-- SOURCE MATERIAL --
########

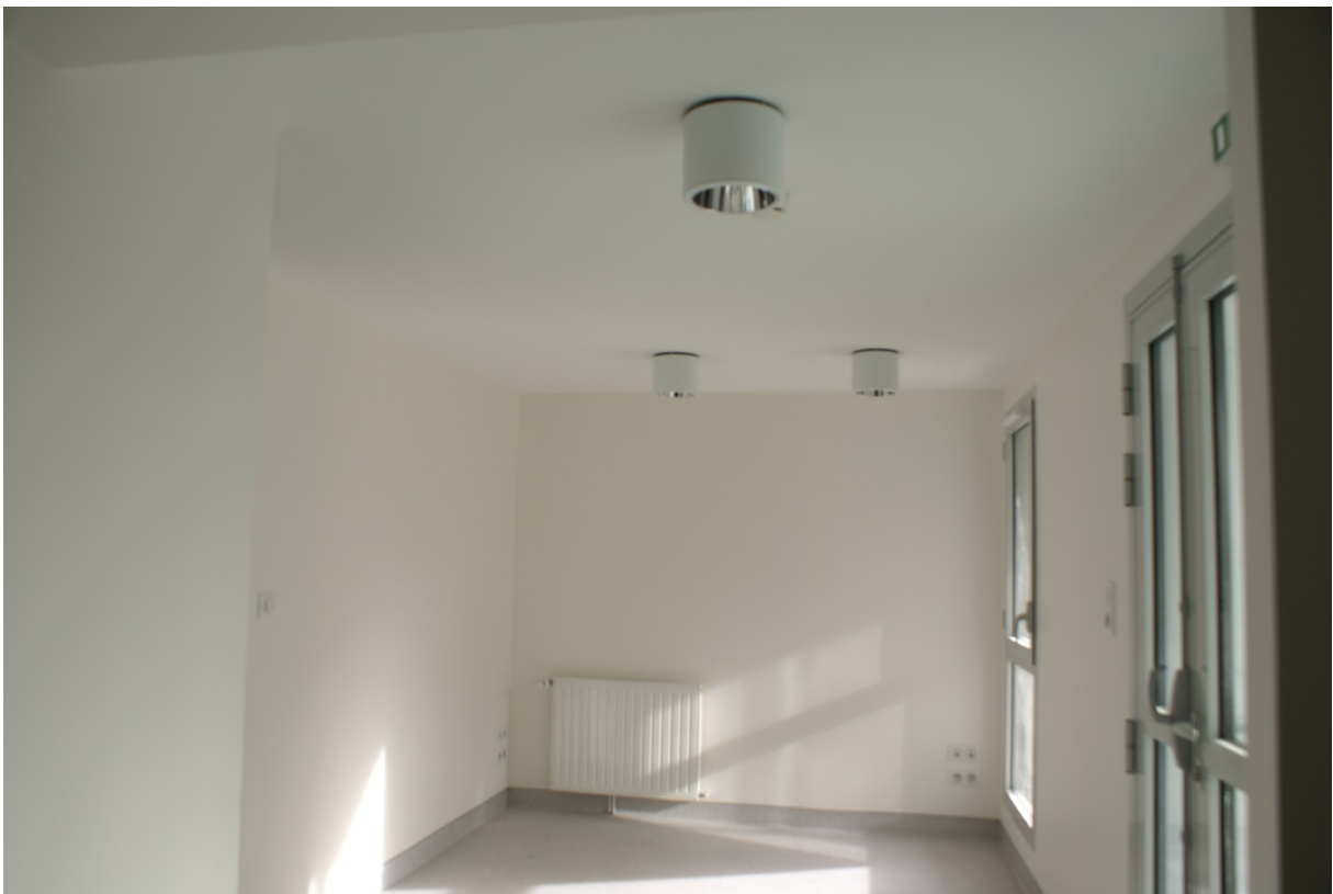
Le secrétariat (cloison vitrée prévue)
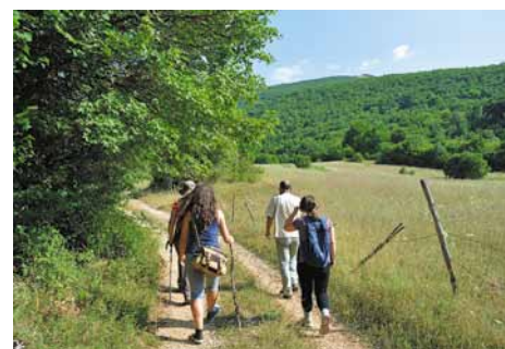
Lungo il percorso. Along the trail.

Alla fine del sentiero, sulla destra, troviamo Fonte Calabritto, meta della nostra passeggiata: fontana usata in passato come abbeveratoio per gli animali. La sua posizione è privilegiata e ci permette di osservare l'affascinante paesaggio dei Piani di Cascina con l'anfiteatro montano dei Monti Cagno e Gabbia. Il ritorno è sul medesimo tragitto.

########

-- EXERCISE GOAL --
Return the final stretch of the listing exactly, starting with the line that contains "Lungo il percorso. Along the trail." and ending with the last line.

-- SOLUTION FOR THIS EXERCISE --
Lungo il percorso. Along the trail.

Alla fine del sentiero, sulla destra, troviamo Fonte Calabritto, meta della nostra passeggiata: fontana usata in passato come abbeveratoio per gli animali. La sua posizione è privilegiata e ci permette di osservare l'affascinante paesaggio dei Piani di Cascina con l'anfiteatro montano dei Monti Cagno e Gabbia. Il ritorno è sul medesimo tragitto.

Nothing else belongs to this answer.